Most internet users didn’t know this, but there’s been an ongoing battle for the control of HTML standards. It’s resulted in two different HTML standards existing in parallel between W3C and WHATWG. However, as of today, that split has come to an end.
On Tuesday, May 28, 2019, the two groups released a Memorandum of Understanding Between W3C and WHATWG that gives up control of HTML and DOM standards to WHATWG. Catalin Cimpanu reported in ZDNet that the
two organizations had an official fallout in April 2018, when all WHATWG members – Apple, Google, Microsoft, and Mozilla – vehemently and unequivocally opposed the W3C‘s plans for approving version 4.1 of the DOM standard.
With this agreement, W3C officially relinquishes its control to what is essentially all of the major browser vendors.
Even though WHATWG will control the HTML and DOM standards, W3C will still have an influence on its direction. The memorandum includes a section entitled Cooperation Process that outlines W3C‘s continued influence on the standards.

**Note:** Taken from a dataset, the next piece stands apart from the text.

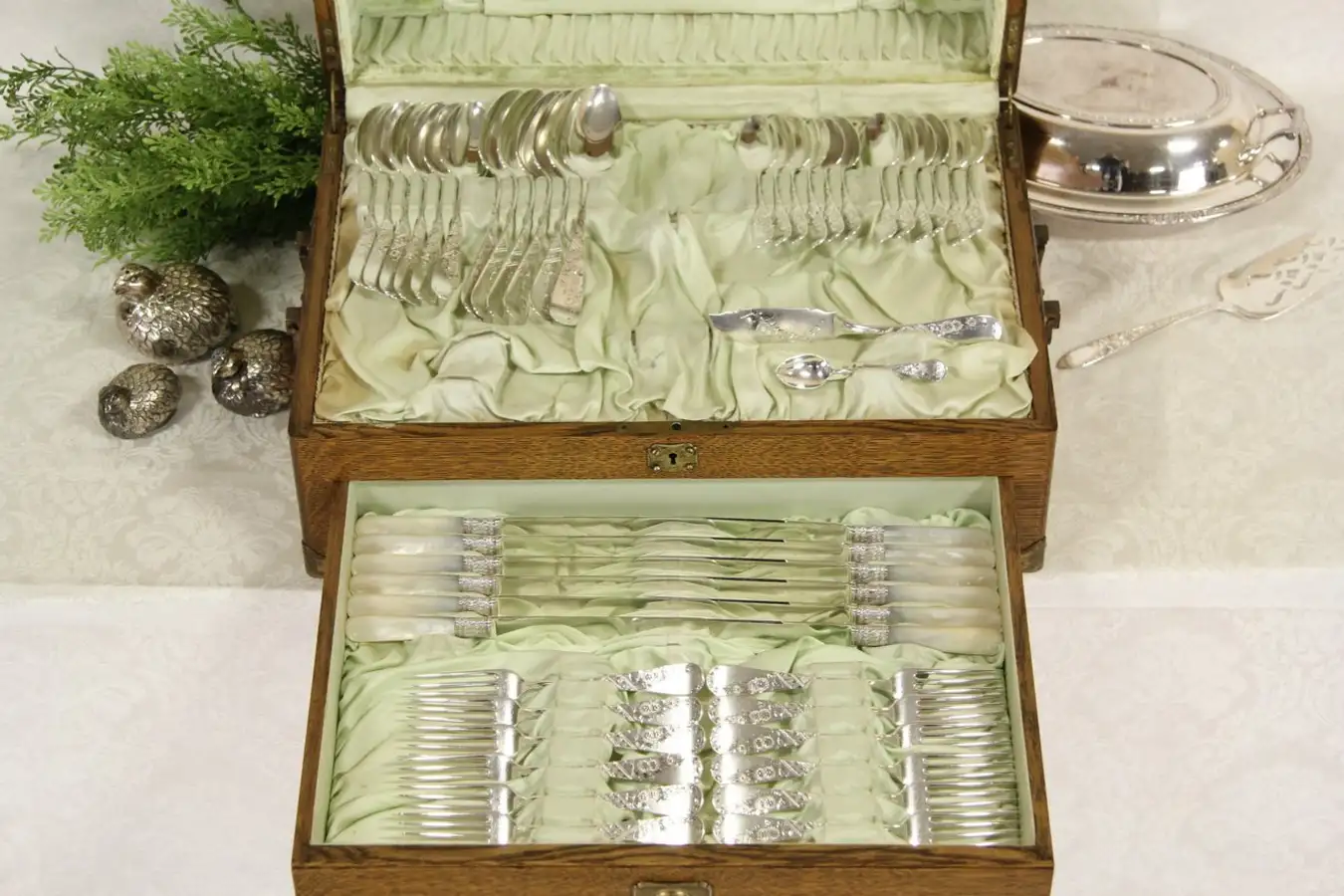 Twelve 9" dinner knives with genuine mother of pearl handles and silverplate blades signed "Towle" silversmiths. There is some darkening of the pearl next to the shanks as is typical, see photos. The upholstered chest is signed by a Baraboo, Wisconsin jeweler, and has some wear an stains as shown. Solid quarter sawn oak with brass mounts, there is a brass presentation plaque that was not engraved. There is no key to the chest, size is 19" wide, 13" deep and 9" tall.

It should benefit everyone to have a single organization making final decisions on HTML and DOM standards. However, some technology advisors are voicing their concerns. Terence Eden, a former W3C AC representative, wrote about his concerns on Twitter.

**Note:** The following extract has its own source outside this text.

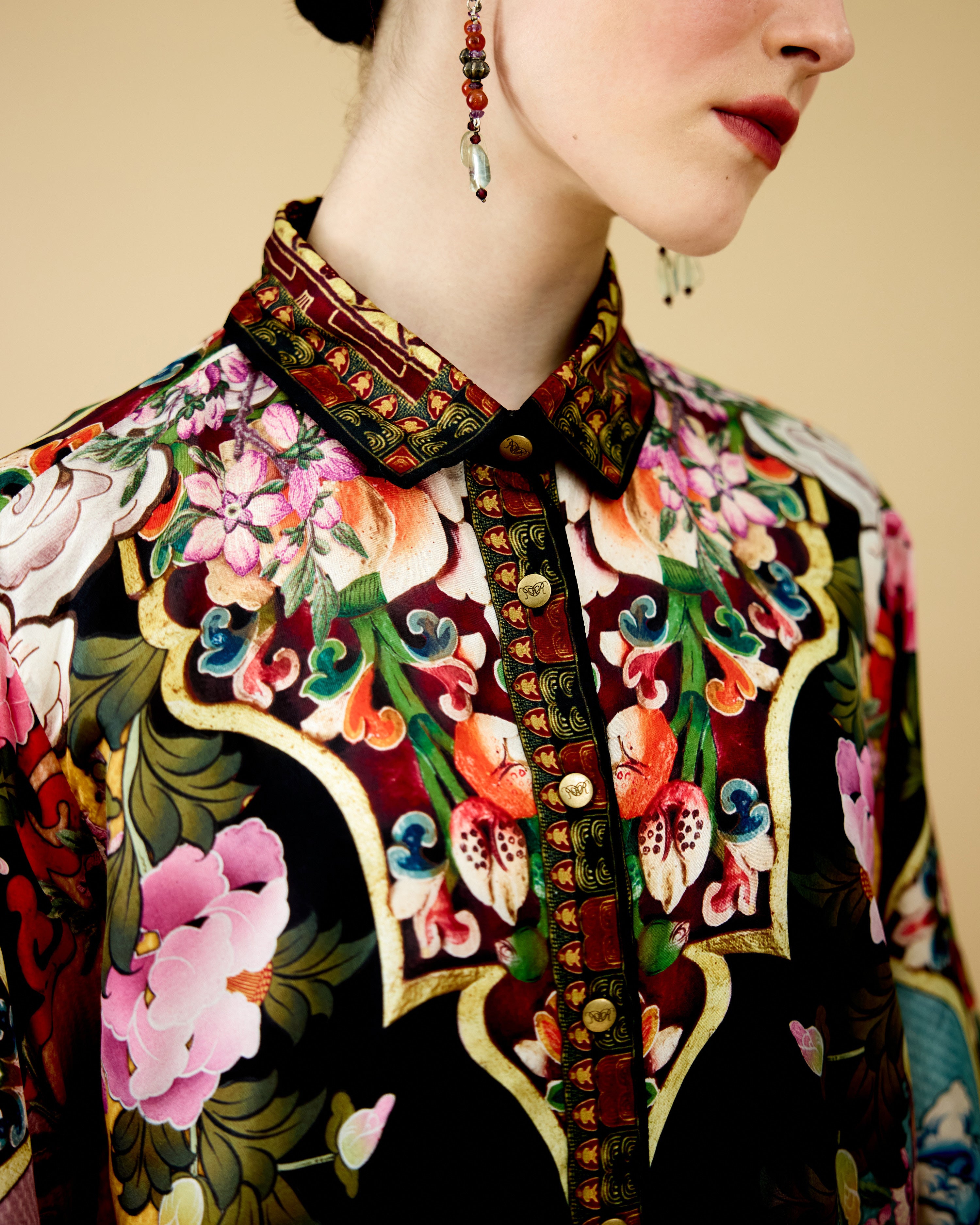 The printed shirt has a button front with a collar and long sleeves.

I’ve mixed feelings about this. It’s a good compromise & sensible for both parties to work together. But it feels like web standards are being developed for browser vendors’ needs. And with Edge going to Chrome – that increasingly means Google’s needs
Eden’s concern about Google having too much control is shared by many people in the digital marketing community. That concern is due in part by Google’s continued push for webmasters to adopt the AMP framework.